By Senior Director of Policy Meg Kerr
Audubon’s mission to protect birds, other wildlife and their habitats can lead us to work on issues that may seem very far afield from the natural world. Climate change is the ultimate threat to wildlife and people, and our advocacy work includes helping Rhode Island implement and support smart energy policies. During the next months, our work will include the following initiatives. If you sign up for Audubon advocacy emails, you will be alerted when there are hearings or events related to policy. Your support and help is always appreciated!
Fighting Invenergy: No new fossil fuel infrastructure. Audubon was a key partner in the coalition that passed the 2014 Resilient Rhode Island Act. This Act sets greenhouse gas reduction goals for the state: 10% below 1990 levels by 2020, 45% below 1990 levels by 2035 and 80% below 1990 levels by 2050. These goals are ambitious, and current research would say they are not sufficient. The December 2016 report by the Rhode Island Executive Climate Change Coordinating Council (RI EC4), “Rhode Island Greenhouse Gas Emissions Reduction Plan,” finds that Rhode Island is well positioned to meet the 2020 goal, but meeting the 2050 reduction goals will be challenging. The report states, “An 80% greenhouse gas (GHG) reduction by 2050 would likely require a near-zero carbon grid coupled with significant electrification of residential/commercial space heating and on-road vehicles.” To meet this critical goal, Rhode Island must invest in renewable energy and stop investing in fossil fuel infrastructure.
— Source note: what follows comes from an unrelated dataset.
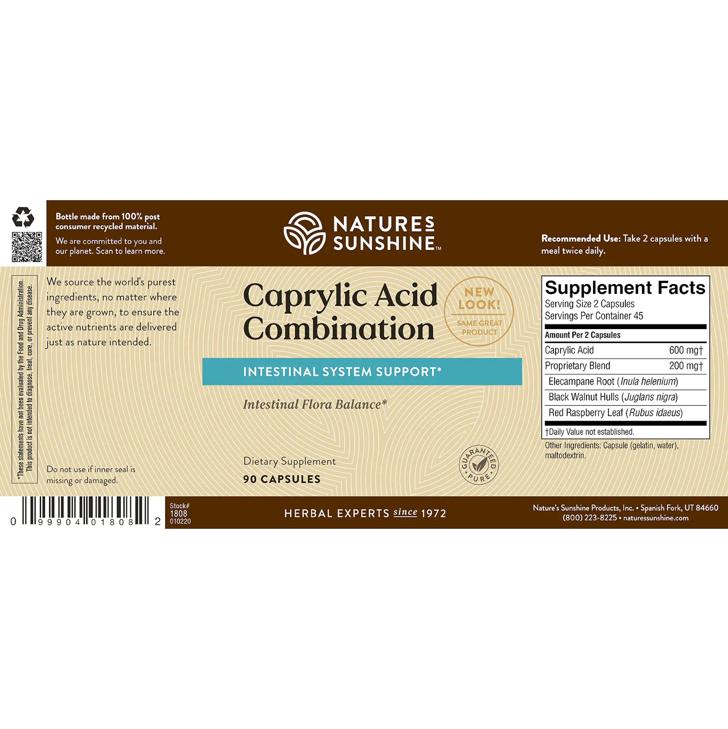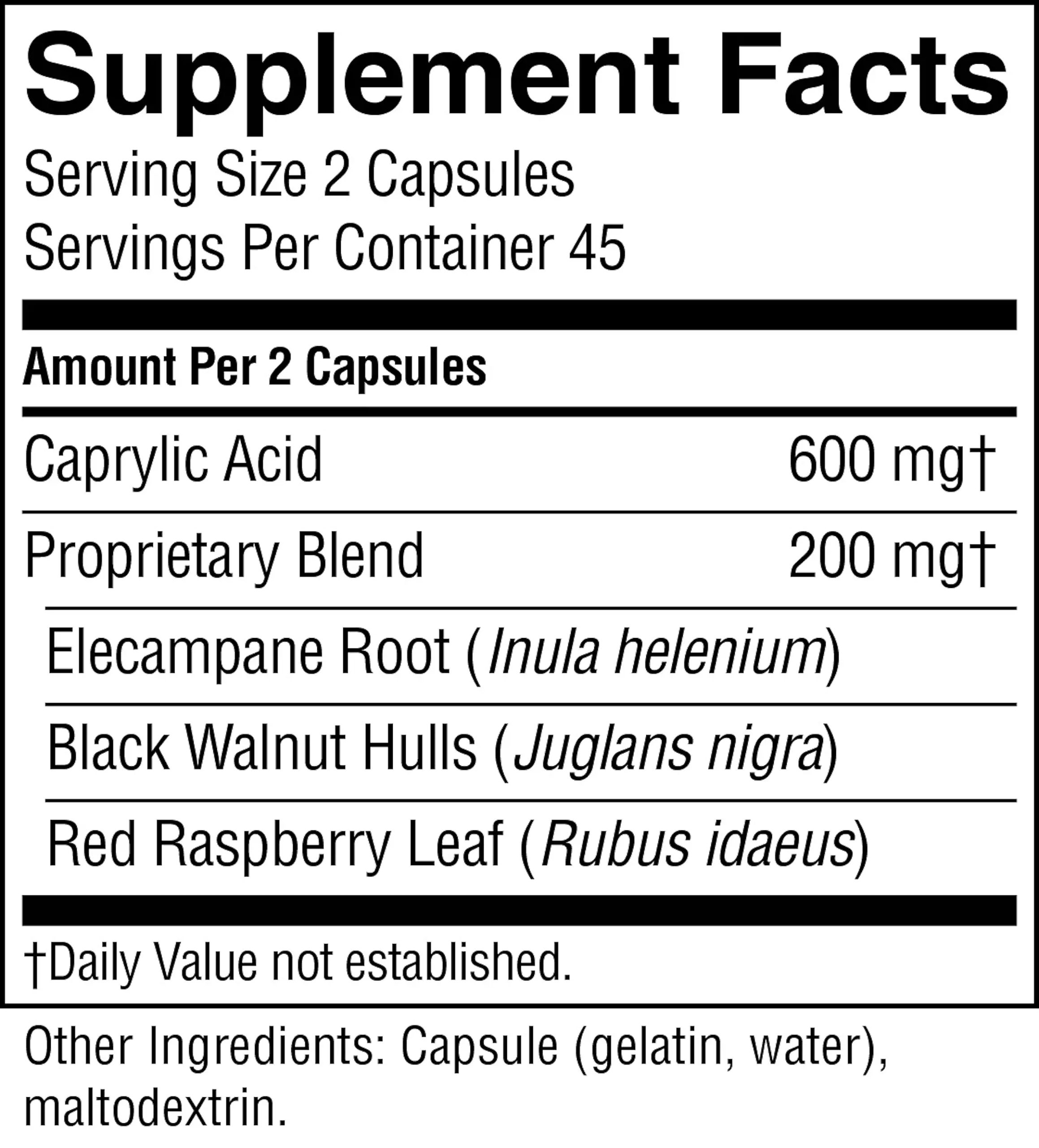 Caprylic acid, elecampane root, black walnut hulls and red raspberry leaves.

In late 2015, Invenergy Thermal Development, LLC proposed a very large (1,000 MW) gas fired power plant in Burrillville. Audubon is working with the state’s environmental community to oppose and defeat this power plant. Our opposition to the Invenergy plant is two fold – it will have significant negative impacts on protected wildlife and habitats and it will make it impossible for Rhode Island to meet the Resilient RI greenhouse gas reduction goals.
During the 2017 legislative session, Audubon will be supporting two clean energy bills that were in play last year but did not pass:
Energize Rhode Island: Carbon pricing to strengthen the economy and reduce GHG. This act would establish a fee on companies that sell fossil fuels in Rhode Island, paid at the point of sale within the state for consumption or distribution within the state. This act would put a price on carbon that accounts for the pollution it produces. The price will be paid by companies that sell fossil fuels in Rhode Island. The funds would be disbursed through rebates to all residents and businesses in the state as well as allocated to climate resilience, energy efficiency, energy conservation, and renewable energy programs that benefit Rhode Islanders, particularly low income residential properties and small business properties.
Renewable Energy Growth Program Extension: This bill extends the Renewable Energy Growth Program for an additional 10 years. It is an important component of the state’s renewable energy plans and will help diversify Rhode Island’s energy mix and improve system reliability.